Southeast Asia is home to several promising industries across its regional economy that will report quicker than the global average growth in 2023. Despite a concerning macroeconomic backdrop, various factors will continue to pull in investment and businesses to the region.
Southeast Asia, or the ASEAN (the Association of Southeast Asian Nations) region as more commonly referred to in Asia, is among the fastest-growing regions in the world. According to the Asian Development Bank (ADB), economic growth in Southeast Asia reached 5.5 percent in 2022.
However, a host of evolving and generally negative economic pressures is pushing down the growth forecast for the region by ADB – reflecting patterns elsewhere in the world – to 4.7 percent.
The International Monetary Fund (IMF) forecast for global growth was 3.2 percent for 2022 and 2.7 percent for 2023, meaning ASEAN is still forecast to grow substantially faster than the global average.
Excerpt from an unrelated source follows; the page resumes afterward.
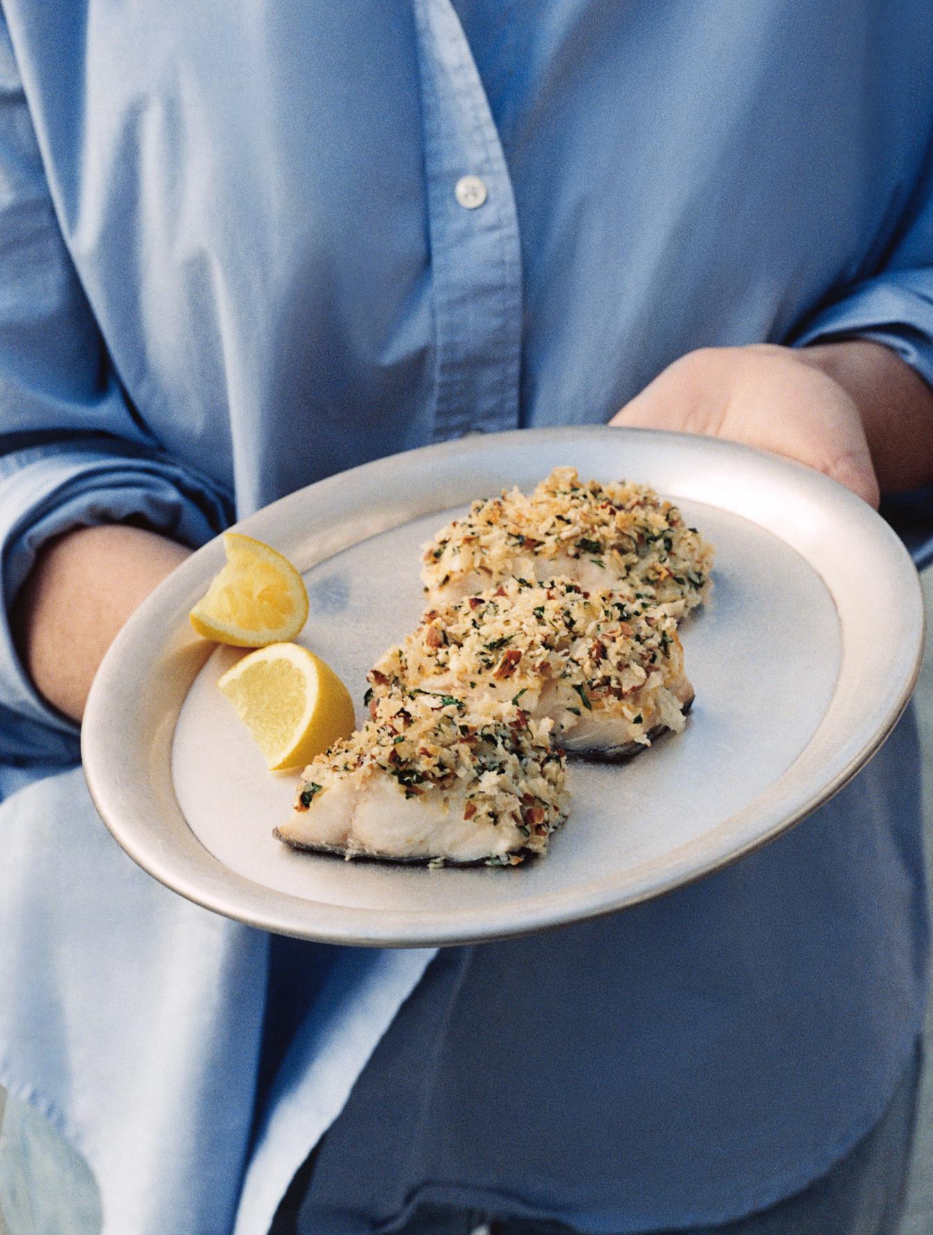 Press almond–herb mixture firmly onto mustard-brushed side of cod fillets.

Despite the prevailing gloomy economic climate, Southeast Asia remains very attractive to foreign direct investment (FDI), and several industries look set to prosper in 2023. Trends of capital inflow into key sectors, such as tech, manufacturing, and infrastructure development, will likely continue while China’s ‘reopening’ will provide a much-needed boost for tourism and travel from the second quarter (Q2 2023).
ASEAN growth trends
The region is on course to become the world’s largest single market by 2030. This is reflected in the investment flows that have continued at a high level in recent years. ASEAN states are becoming increasingly open to international trade having incrementally removed barriers to inter- and intra-regional trade and investment.
The growth of Southeast Asia’s indigenous economies also offers a lucrative environment for foreign businesses, as also the sheer size of the regional population and workforce. ASEAN countries have a total population of 662 million people and a combined gross domestic product (GDP) of US$3.2 trillion.
Growth patterns will be boosted as economies and workforce arrangements become more formalized and more young people enter the labor market. The median age in Southeast Asia is 30.2 years, substantially less than in China (38.4) and Europe (44.1).
Finally, the ASEAN region has benefitted, and will likely continue to benefit, from a privileged geopolitical position. An intensifying rivalry between superpowers, the US and China, have prompted both nations to deepen their ties with the region.
China has considerable links with ASEAN economies and seeks to enhance them through increased infrastructure spending and by improving access to trade, such as through the Regional Comprehensive Economic Partnership (RCEP).